Respons Taipei dan Langkah Praktis bagi Pekerja
Pemerintah Taiwan, melalui Dewan Urusan Daratan (Mainland Affairs Council, badan yang mengelola kebijakan terhadap China), menyarankan warganya menilai ulang kebutuhan perjalanan. Panduan yang beredar menekankan beberapa hal: hindari membawa dokumen kerja sensitif, jaga komunikasi rutin dengan keluarga, catat kontak darurat, dan pahami status hukum perusahaan tempat bekerja.
Untuk pekerja, langkah praktisnya bisa dirangkum dalam tiga pertanyaan sebelum terbang: apakah perusahaan saya pernah berseteru dengan otoritas China; apakah proyek saya menyentuh sektor yang dianggap strategis seperti semikonduktor, kecerdasan buatan, atau pertahanan; dan apakah perjalanan ini benar-benar harus dilakukan secara tatap muka. Jika satu saja jawabannya menggantung, menunda perjalanan atau memilih forum daring bisa menjadi pilihan yang jauh lebih murah.

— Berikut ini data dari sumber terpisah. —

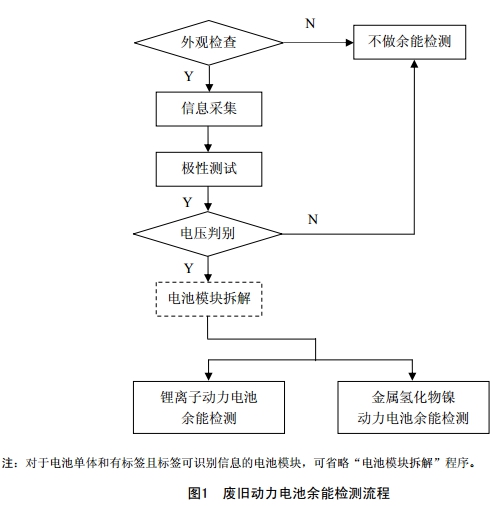 余能是指動(dòng)力電池從電動(dòng)汽車上報(bào)廢后剩余的實(shí)際容量。記者了解到,2015年,《車用動(dòng)力電池回收利用 余能檢測(cè)》(征求意見稿)發(fā)布。當(dāng)時(shí)的征求意見稿中,電動(dòng)汽車用廢舊動(dòng)力電池的余能檢測(cè)遵循下圖所示的作業(yè)流程(特別提醒:下圖所示余能檢測(cè)作業(yè)流程為2015年版征求意見稿中的流程):
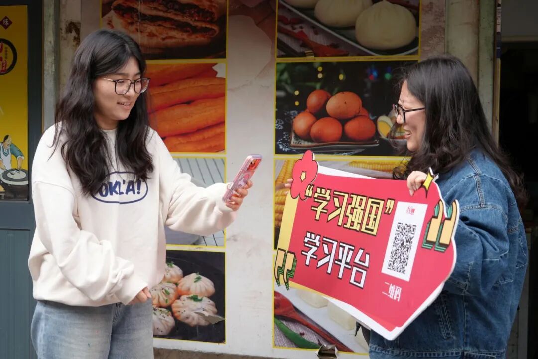 在“学习强国”学习平台导航站,工作人员耐心引导居民下载注册、参与挑战答题,现场气氛热烈。一位成功通关的青年党员赢得纪念品后兴奋地说:“今天边玩边学,感觉特别有收获。”
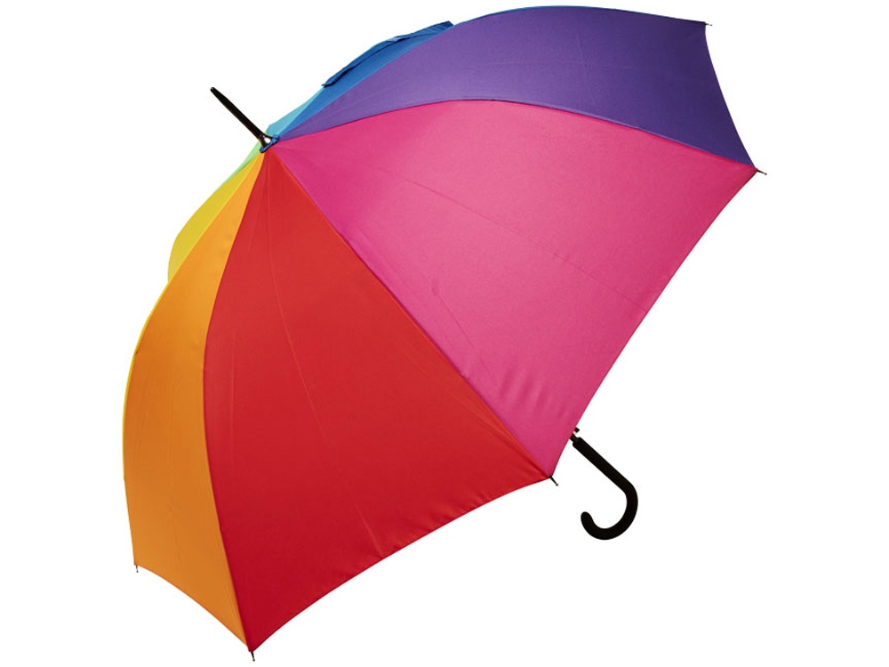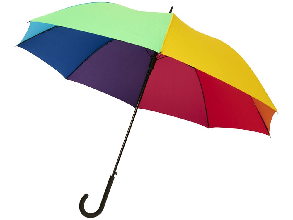 23-дюймовый ветрозащитный полуавтоматический зонт Sarah. Зонт с куполом из эпонж полиэстера, раскрашенный в цвета радуги. Прочный металлический стержень, высококачественная цельная рама из стекловолокна, обеспечивающая максимальную гибкость в ветреную погоду. Выгнутая ручка с мягким матовым покрытием, никелированные верхняя втулка и кончики спиц. Большая область для декорирования на каждой из панелей купола позволяет предложить различные креативные решения для логотипа. Эпонж полиэстер.

Yang perlu dipantau ke depan adalah implementasi di lapangan. Selama peringatan belum diikuti kasus penahanan yang jelas terkait status perusahaan, dampaknya lebih banyak bersifat psikologis dan administratif. Namun satu kasus saja cukup untuk mengubah perilaku ratusan ribu pekerja sekaligus. Dalam geografi politik yang panas, aturan yang ditulis dengan samar sering kali justru paling efektif: ia membuat setiap orang menghitung risikonya sendiri, tanpa perlu satu pun pintu bandara ditutup.